Forensic audit is in the news in India, with banks, regulators and enforcement agencies using more of such services at a time when financial fraud seems to be rising. David Stulb, who heads the EY (earlier Ernst & Young) global forensic practice (Fraud Investigation & Dispute Services) was in India recently. A talk with Rajesh Bhayani:
In which areas are frauds rising globally, apart from cyber crimes?
At the global market, EY is focusing on two areas where we see increasing levels of fraud. The first is terrorist financing. There has been an increase in global terrorist attacks and these have to be financed somehow. In addition to the traditional methods, terrorists are innovatively using technology more and more, a serious global challenge.

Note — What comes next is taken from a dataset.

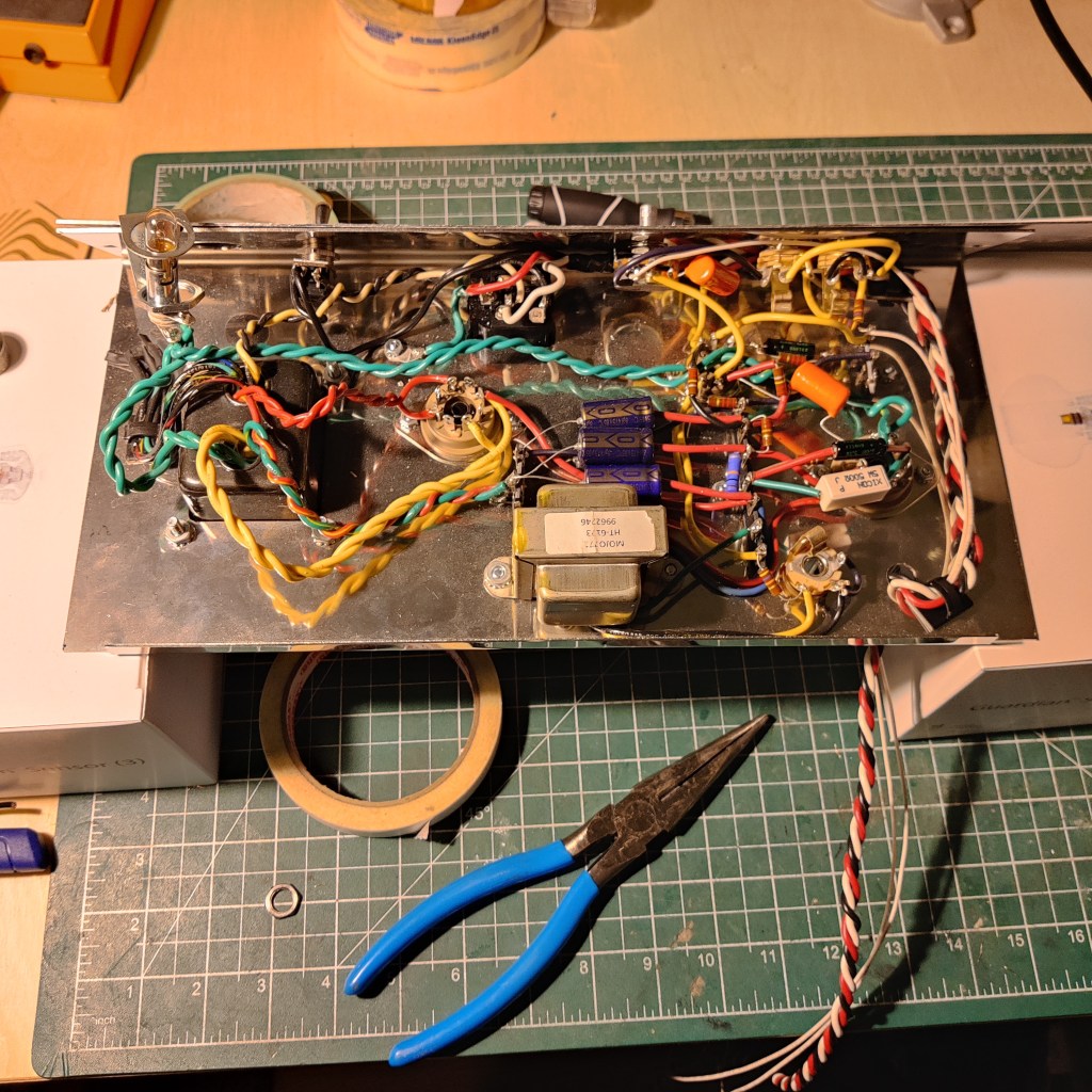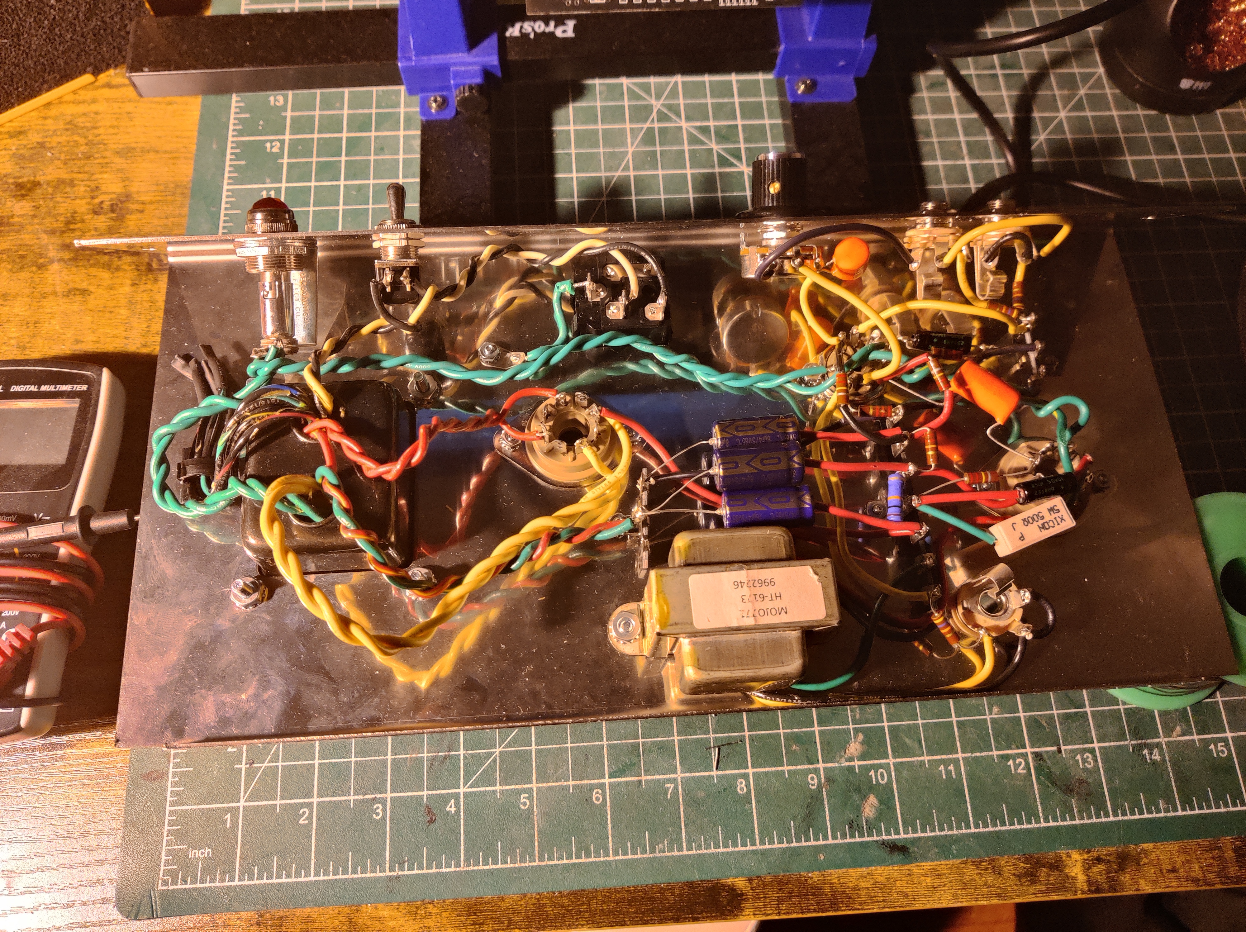 I happened to have a bunch of spare parts laying around minus a chassis, some tubes, transformers, and other bits of simple hardware. I was able to score a schematic for a GA-5 and the harder-to-find electrical components I needed from Mojotone. Everything else was either already on-hand or easily procured from hardware shops around Toronto.
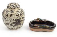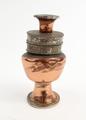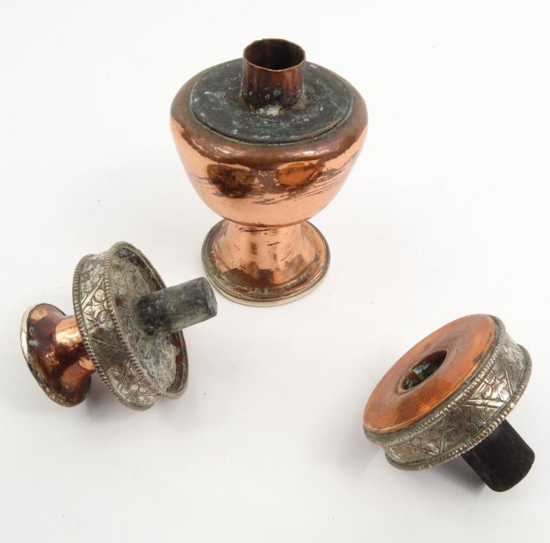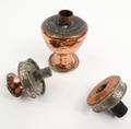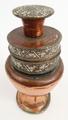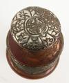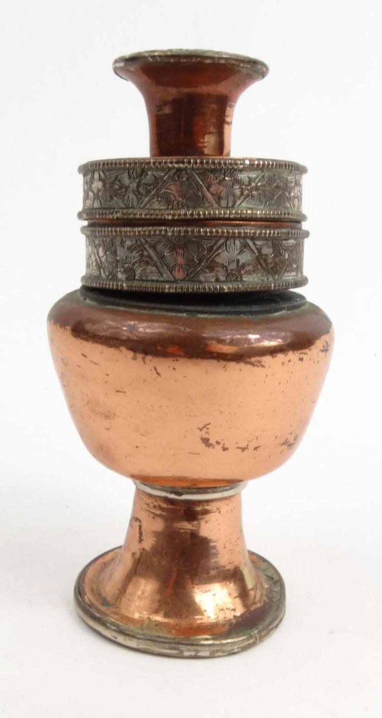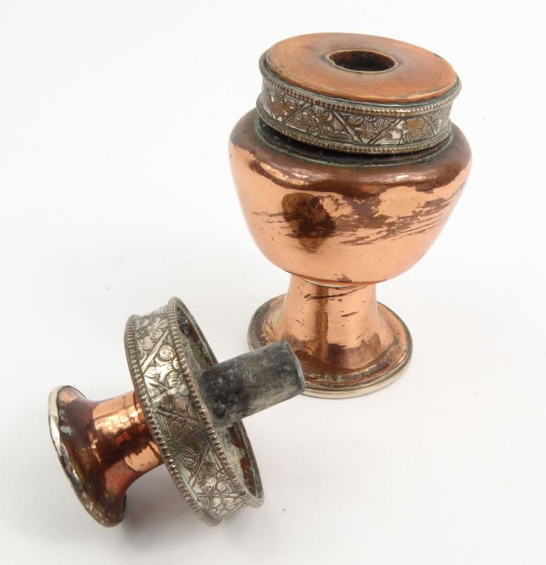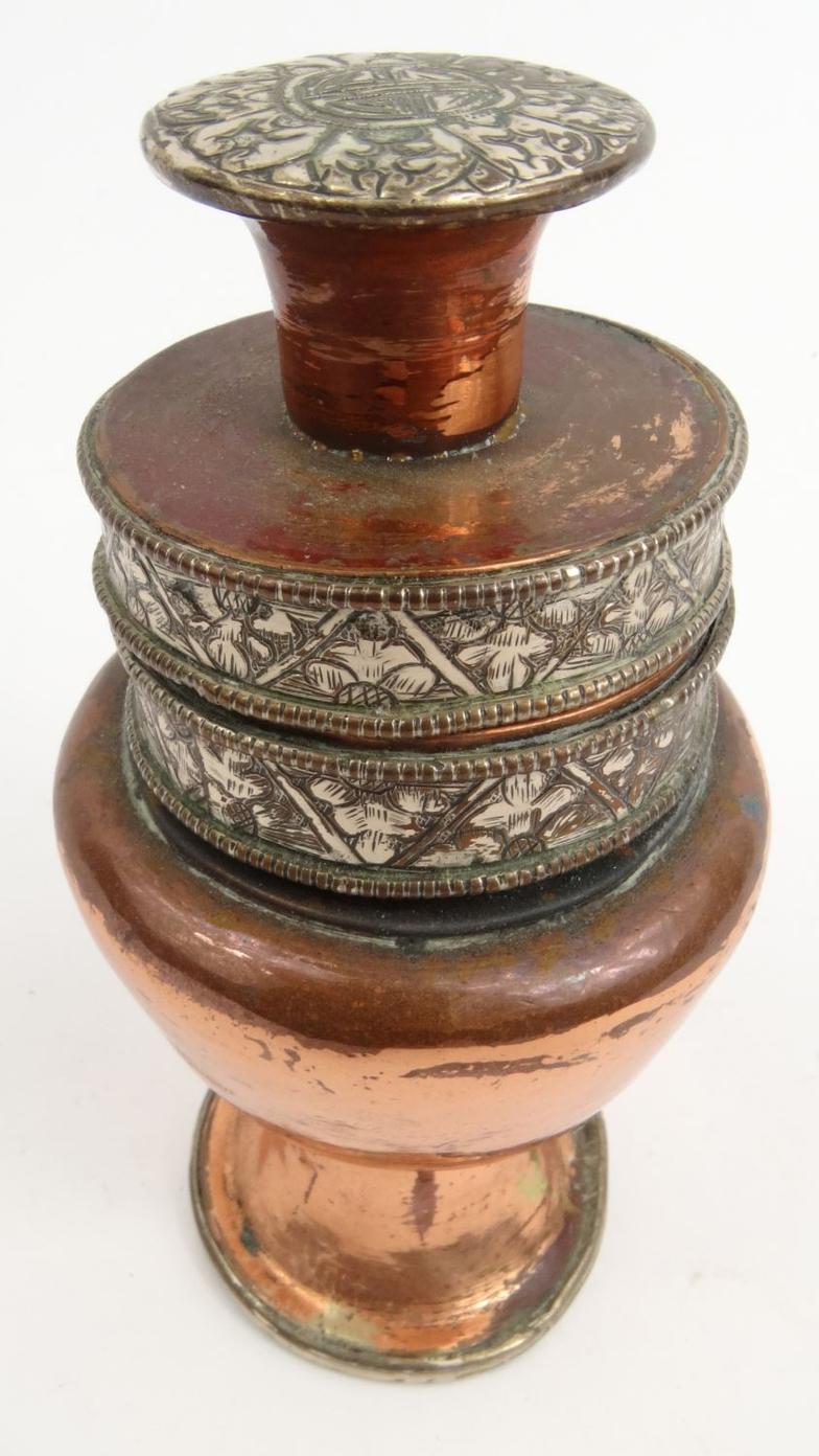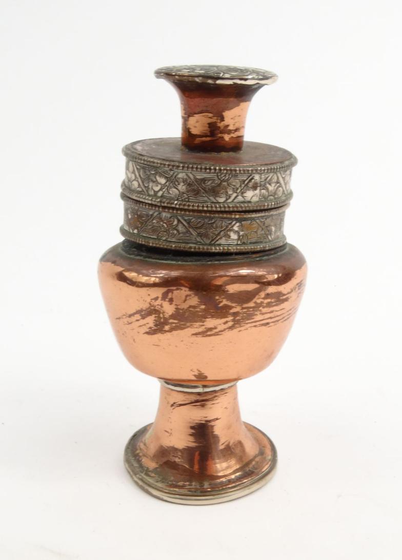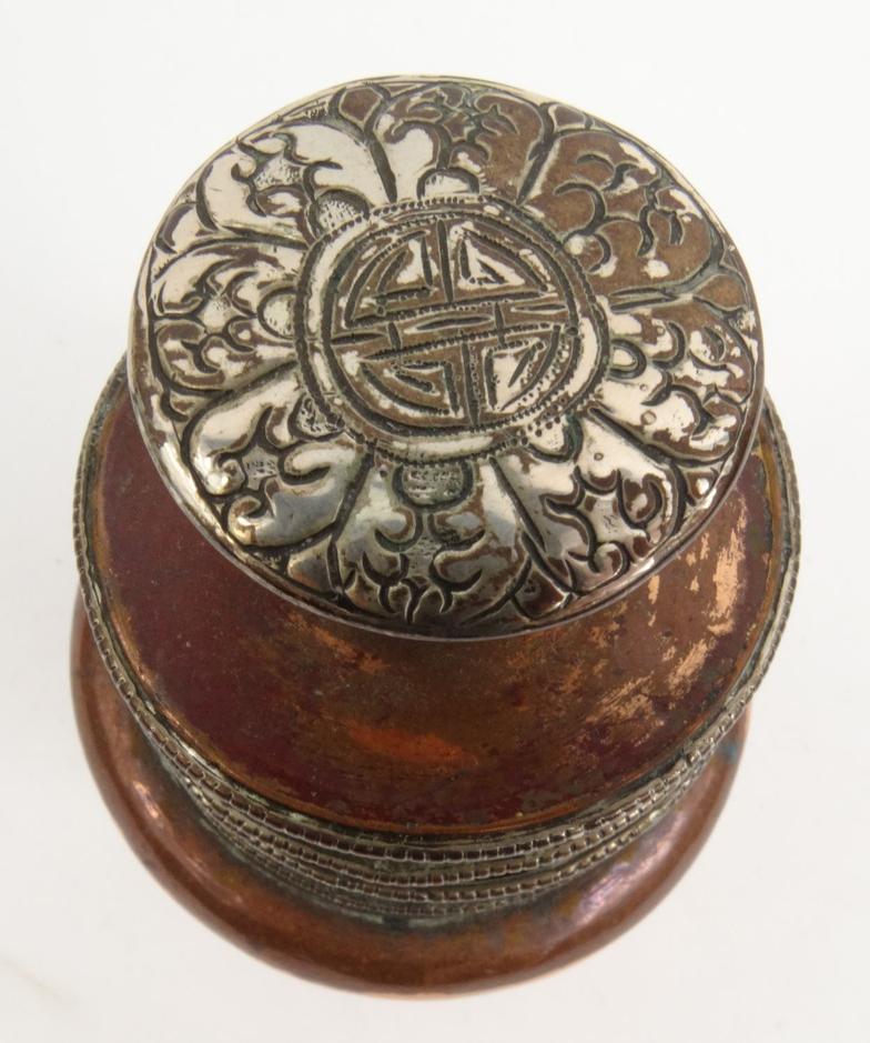 Tibetan copper and silver metal inkwell with floral design, 12cm high

The second is increased market volatility. Last August, we saw how volatility in the Chinese stock market led to tremors across global markets. Additionally, anticipated correction in the energy market, alongside sharp volatilities in currencies and a weak start to the year for equities, also demonstrates this. Whether this is due to market forces, financial fraud or related to terrorism cannot be known but certainly this sharp market volatility gives us a sense that something is wrong, which cannot be attributed solely to market forces.
When the present government came to power in India, hopes were raised that stern action would be taken on corruption, bribery and black money. These are serious issues and challenging from a forensic accounting point of view.
Among market frauds, where is the potential seen higher?
Recent corporate frauds such as Volkswagen and those involving bribes paid by corporates to government officials have created panic. Circumvention of financial sanctions and terrorist financing are also areas where market platforms can potentially be used.
In India, we know from our discussions with the Reserve Bank (RBI) and the Central Bureau of Investigation that there is a real concern regarding funds raised for religious charities and the end purpose of such funds. These agencies are carefully looking at this problem.
For example, my sense is that IS (Islamic State, the West Asian insurgency) is actually an organised crime syndicate, engaged in raising funds through oil theft, profit kidnapping and prostitution, and using financial channels to move this money around. They might also use religious charities to do this, a big headache for all governments – Asian governments are particularly concerned. Sharp movements and crashes in markets are pressure points where the potential threat of inflows or outflows of terrorist financing cannot be ruled out.
In the context of India, the month of March as a popular financial year-end is a time where companies might be tempted to window-dress balance sheets, show higher profits, hide non-performing assets and keep derivative losses opaque, for example.
Which India-specific fraud issues are forensic auditors in demand?
Classic banking frauds related to the rise of non-performing assets or frauds involving connivance of employees and their clients are on the rise. Investigators and regulators have frequently started using the services of forensic accountants to detect such fraud.
Similarly, we have seen a high level of bribery and corruption-related charges recently and a number of foreign clients have also required our forensic services. Therefore, it is no surprise that our India team has grown from 30 to 600 over the past four years, under Arpinder Singh’s leadership. This shows corporates in India are looking at tackling such issues and pro-actively managing their fraud risk frameworks.
The Indian government’s efforts to further increase the ease of doing business is seen in a positive manner. Transparency International notes this in its recent index, where India’s rating is equal to or better than other BRIC nations.
But, bad brains always stay ahead of investigators!
Yes but the Indian enforcement agencies I have come to know are investing in new technologies and will continue to invest much more. India has the best of the brains for software development and this can be used to detect frauds. I know RBI is providing training to their inspectors from a forensic perspective. Enforcement agencies are using voice analysis technology more and more during interviews, to provide a better indication as to whether people are hiding information or lying. The use of external forensic accounting experts has also increased. The Aadhaar card initiative is another important initiative which could help in the detection of fraud.
On the corporate front, I am amazed to see how fast technologies are evolving in India. Solutions to combat fraud and corruption are becoming increasingly automated. Today, EY’s forensic technology labs in Mumbai and Hyderabad support global companies through cyber forensics and forensic data analytics capability, which enables us to decipher fraud patterns and determine other areas of concern.
How are you addressing cyber crime?
You can judge we are taking it seriously from the fact that EY recently appointed a former director from the (US) Federal Bureau of Investigation, two former air force generals and has 1,200 professionals dedicated to forensic technology issues, including cyber crime. This is a serious global issue and although Indian companies are worried about it, their awareness and level of security for cyber crime is lower in comparison to global peers. Hence, India has emerged as a big market for us for all kinds of frauds. EY now has 10 partners and 600-plus professionals focusing on forensic work in India.
How secure is e-commerce, catching up fast in India, from that perspective?
A potential risk. E-commerce is in a nascent stage in India and the risk will have to be mitigated as it continues to grow. Since it connects a large chain of merchants, couriers, financiers and credit card companies, storage, etc, there is a high risk of fraud and for counterfeit products to be sold. There have also been instances of buyer-seller frauds, where participants from the other side take the benefits of discounts and cash-back.